Some years ago I invented an unbreakable cipher. I had the good fortune to encounter a cryptographer a few days ago, and told him the method. He excused himself for five minutes, and when he came back he told me how to break it.
They've made some progress in cryptography in the last 30 years. The most significant development was the RSA method, which depends on identifying two long primes (originally, about 60 digits each), multiplying them to get a 120-digit number, and then using that number to encode the message in such a way that you can't decode it unless you can factor it into the two 60-digit primes. It was and is possible to factor a 120-digit number into its primes, but at the time you needed a lot of patience; if I recall rightly the computational power of the early 1980s was such that it would take approximately the lifetime of the earth to do it. One side effect of the RSA system was that you could announce a portion of your code to the world, and others could use it to encode messages to you, which only you could decode because only you knew your two primes that produced your public key.
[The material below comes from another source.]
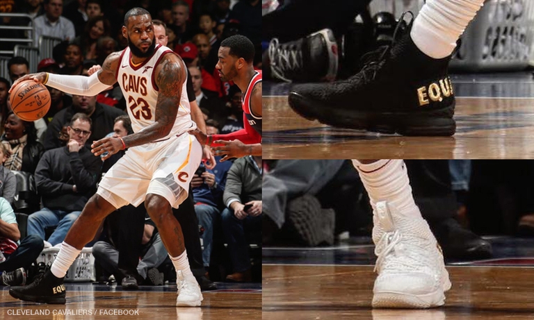 James took the court wearing one white and one black shoe for the Cleveland Cavaliers against the Washington Wizards in an NBA game in the national capital.
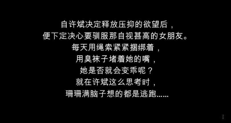 题外话就到这里,接下来是剧情介绍:上回说到,不堪侮辱的许斌释放了内心的野兽,将嚣张傲慢的女友珊珊捆绑起来,不仅用臭袜子堵嘴,还用木棍抽打珊珊的脚底和屁股以作惩罚。但是——仅仅是这样,珊珊便会屈服于许斌吗?许斌的惩罚奏效了吗?

It was something as if you could announce that your public key was 91, but only you knew (or could calculate) that its two prime factors are 13 and 7.
Computers got faster and more powerful, and then someone invented a method to factor 120-digit numbers more efficiently, meaning that 60-digit primes weren't strong enough. My cryptographer friend said that Microsoft now uses 300-digit numbers for its encrypting, requiring two primes of 150 or so digits each. No doubt eventually encryption will use primes in the thousands of digits.